Calculate the solubility of silver chloride in water at room temperature if the solubility product of AgCl is `1.6xx10^(-10)`.

To calculate the solubility of silver chloride (AgCl) in water at room temperature using the given solubility product (Ksp), we can follow these steps: ### Step-by-Step Solution: 1. **Understand the Dissociation of AgCl**: Silver chloride (AgCl) is a sparingly soluble salt that dissociates in water according to the following equation: \[ \text{AgCl (s)} \rightleftharpoons \text{Ag}^+ (aq) + \text{Cl}^- (aq) \] From this equation, we can see that for every mole of AgCl that dissolves, one mole of Ag\(^+\) ions and one mole of Cl\(^-\) ions are produced. 2. **Define Solubility**: Let the solubility of AgCl in water be represented by \( S \).
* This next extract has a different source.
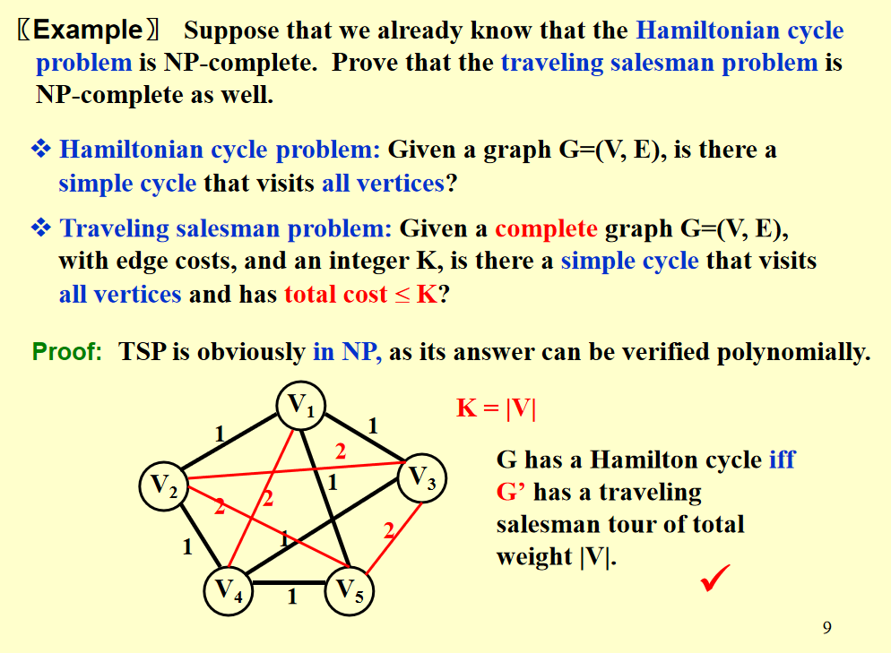 由于完全图的边数为\(\dfrac{n^2+n}{2}\),因此这个转换过程是多项式时间复杂度的. 综上,我们从Hamiltonian cycle是\(\textbf{NPC}\)问题推出了TSP是\(\textbf{NPC}\)问题.

This means that at equilibrium: - The concentration of Ag\(^+\) ions will be \( S \) moles per liter. - The concentration of Cl\(^-\) ions will also be \( S \) moles per liter. 3. **Write the Expression for Ksp**: The solubility product (Ksp) expression for AgCl can be written as: \[ K_{sp} = [\text{Ag}^+][\text{Cl}^-] \] Substituting the concentrations from step 2, we have: \[ K_{sp} = S \cdot S = S^2 \] 4. **Substitute the Given Ksp Value**: We are given that \( K_{sp} = 1.6 \times 10^{-10} \). Therefore, we can set up the equation: \[ S^2 = 1.6 \times 10^{-10} \] 5. **Solve for S**: To find the solubility \( S \), we take the square root of both sides: \[ S = \sqrt{1.6 \times 10^{-10}} \] 6. **Calculate the Square Root**: Performing the calculation: \[ S \approx 1.26 \times 10^{-5} \text{ moles per liter} \] ### Final Answer: The solubility of silver chloride (AgCl) in water at room temperature is approximately: \[ S \approx 1.26 \times 10^{-5} \text{ moles per liter} \]